Dito isto, “o terrorista de um homem é o combatente da liberdade de outro homem”, como diz outro ditado clichê, então é inevitável que alguns governos possam definir subjetivamente ações e movimentos não-terroristas como ligados ao terrorismo, a fim de justificar uma resposta desproporcional contra eles. Não há solução de bala de prata para evitar que isso aconteça ou responder adequadamente quando acontece, já que tais designações podem continuar a ser discutíveis, dependendo da perspectiva de cada um.

Seja como for, há algumas ações que são inquestionavelmente de natureza terrorista, tais como matar (para não mencionar decapitar) membros dos serviços de segurança, apreender e queimar edifícios do governo, tomar conta de aeroportos e incendiar a cidade de forma irresponsável.
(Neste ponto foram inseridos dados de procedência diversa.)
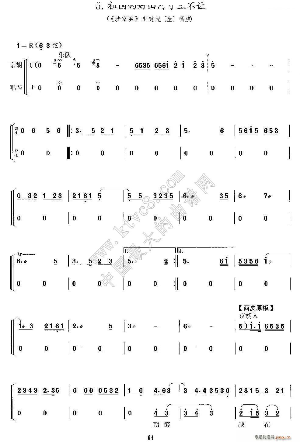 [京劇曲譜]祖國的好山河寸土不讓(《沙家浜》 唱段、二胡考級譜) 郭建光
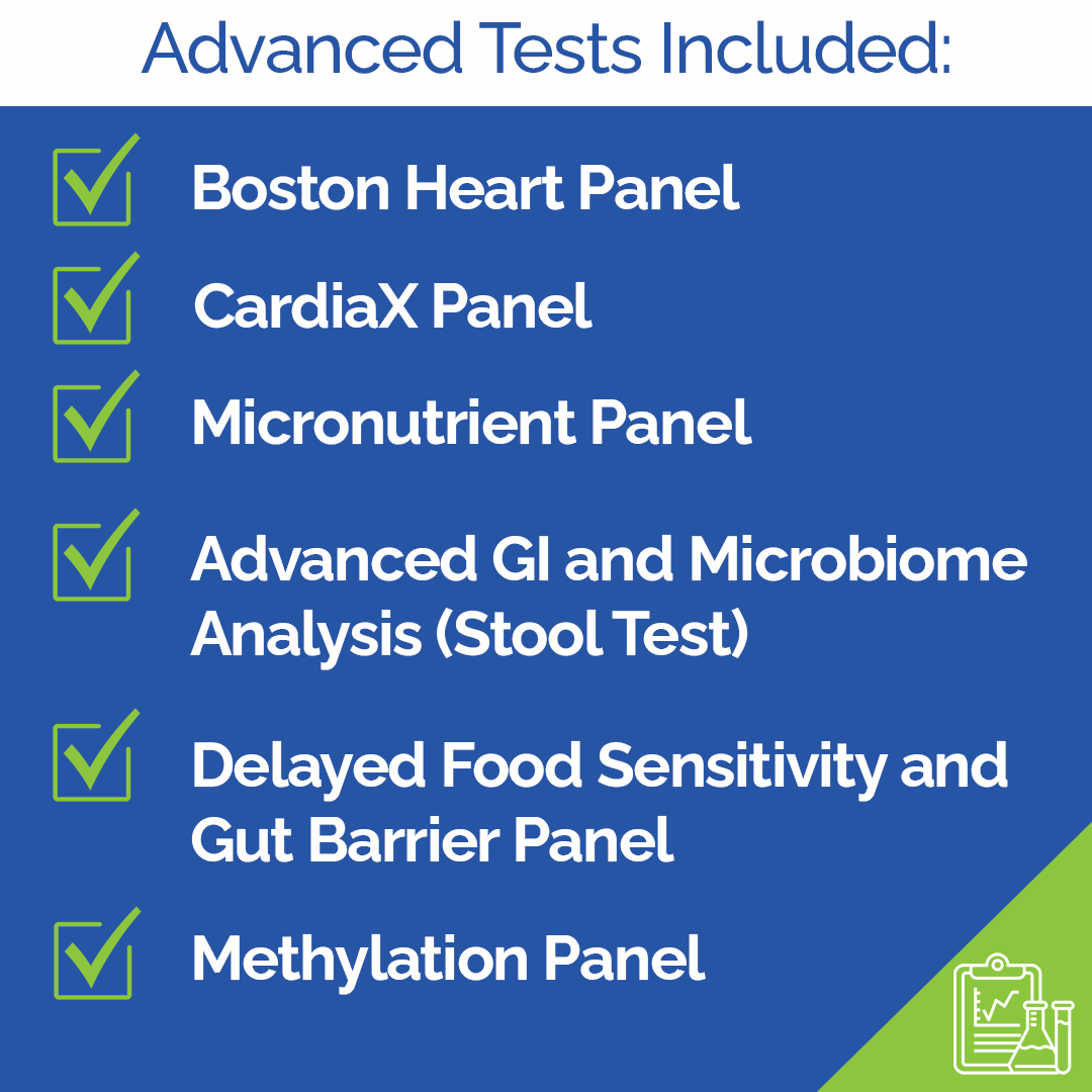 Advanced GI and Microbiome Analysis (Stool Test) -assesses gut bacteria, yeast, parasites, function, leaky gut, inflammation & microbial imbalances that drive systemic inflammation, insulin resistance & metabolic dysfunction which contribute to cardiovascular risk. |

Não deveria haver nenhuma reserva em apoiar a resposta de um Estado alvo desses atos terroristas, pois politizar implicitamente colocaria um do lado dos terroristas exatamente como aqueles que são contra a missão cazaque da CSTO.

A ideia é que os dois pesos e duas medidas ideologicamente direcionados para o emprego das tecnologias da Revolução Colorida como um meio para qualquer fim não desaparecerá no nível da sociedade civil, mas possivelmente poderá ser regulado no nível intergovernamental, mesmo que apenas através de um “acordo de cavalheiros”. Aqueles que expressam padrões duplos flagrantes em direção a diferentes Revoluções Coloridas sem explicar de forma convincente o porquê devem ser chamados de hipócritas e desacreditados como os piratas partidários que são.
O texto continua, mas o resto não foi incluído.